== Material provided ==

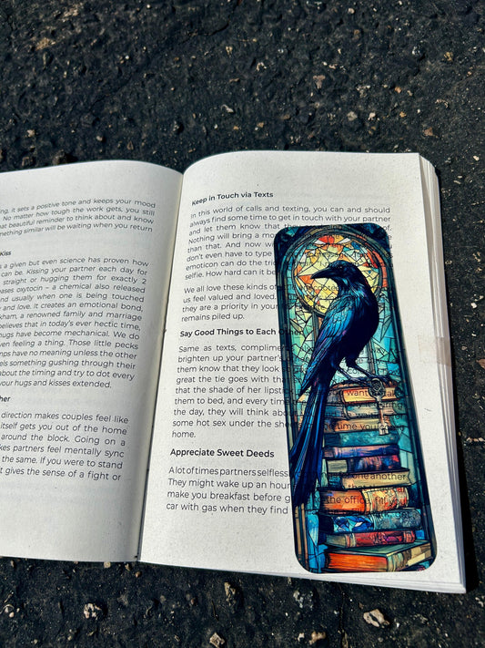 Clever Raven Library Bookmark – Stacked Books & Wise Raven Art, Literary Gothic Gift, Unique Book Lover Accessory
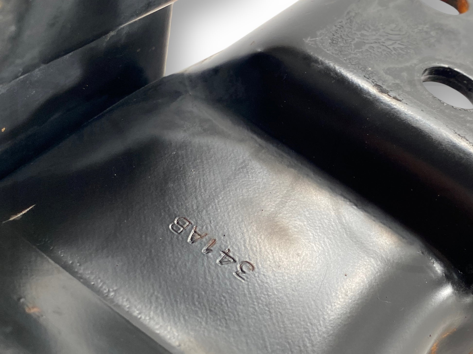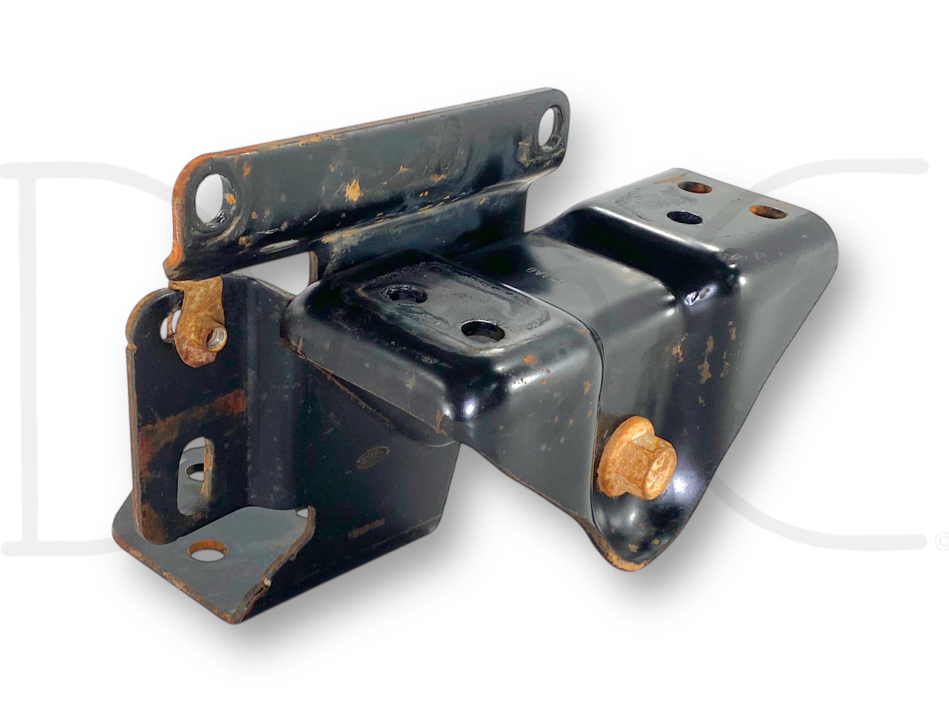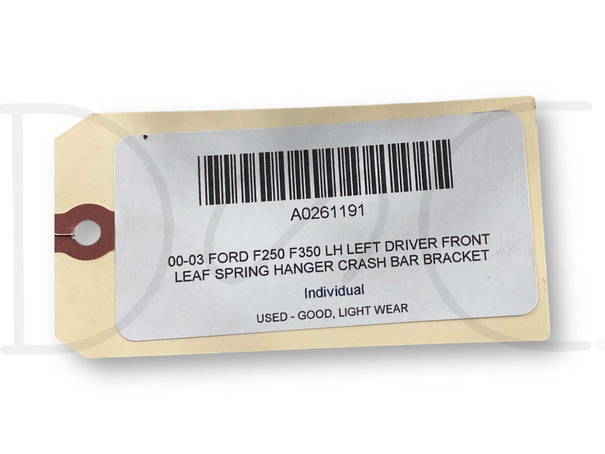 Description: Ford Super Duty left hand driver side front leaf spring hanger / crash bar bracket, OEM
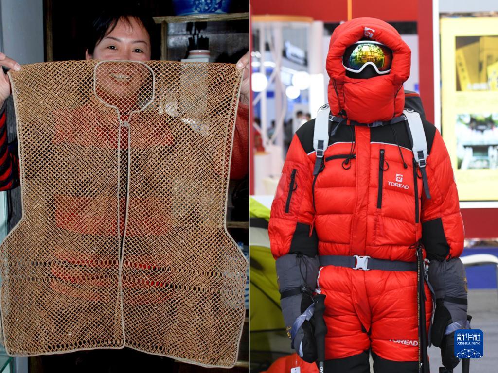 這是一張拼版照片:左圖為2009年1月3日在江西省婺源縣拍攝的清代竹衣馬甲(王國紅攝);右圖為2022世界制造業(yè)大會(huì )上展出的一款填充了高科技材料的服裝(新華社記者周牧2022年9月20日攝)。
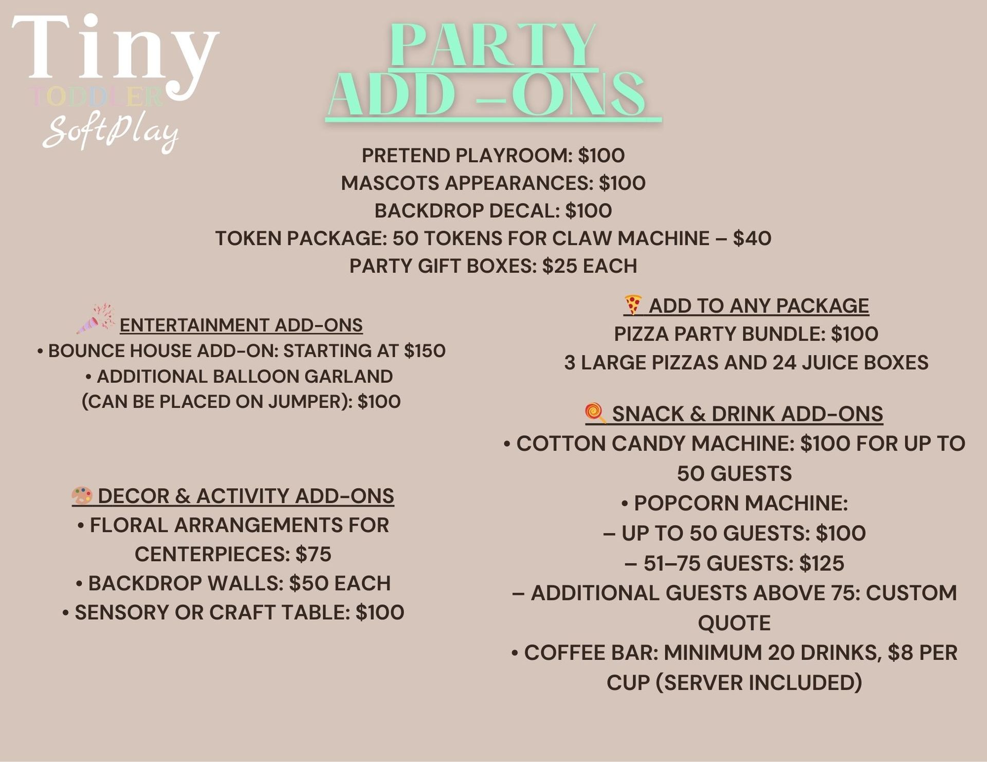 PARTY PACKAGE LINEUP – TINY TODDLER INDOOR PLAYGROUND

===

Word for word, restate all of the data, but do not copy the pictures.

 Clever Raven Library Bookmark – Stacked Books & Wise Raven Art, Literary Gothic Gift, Unique Book Lover Accessory
 Description: Ford Super Duty left hand driver side front leaf spring hanger / crash bar bracket, OEM
 這是一張拼版照片:左圖為2009年1月3日在江西省婺源縣拍攝的清代竹衣馬甲(王國紅攝);右圖為2022世界制造業(yè)大會(huì )上展出的一款填充了高科技材料的服裝(新華社記者周牧2022年9月20日攝)。
 PARTY PACKAGE LINEUP – TINY TODDLER INDOOR PLAYGROUND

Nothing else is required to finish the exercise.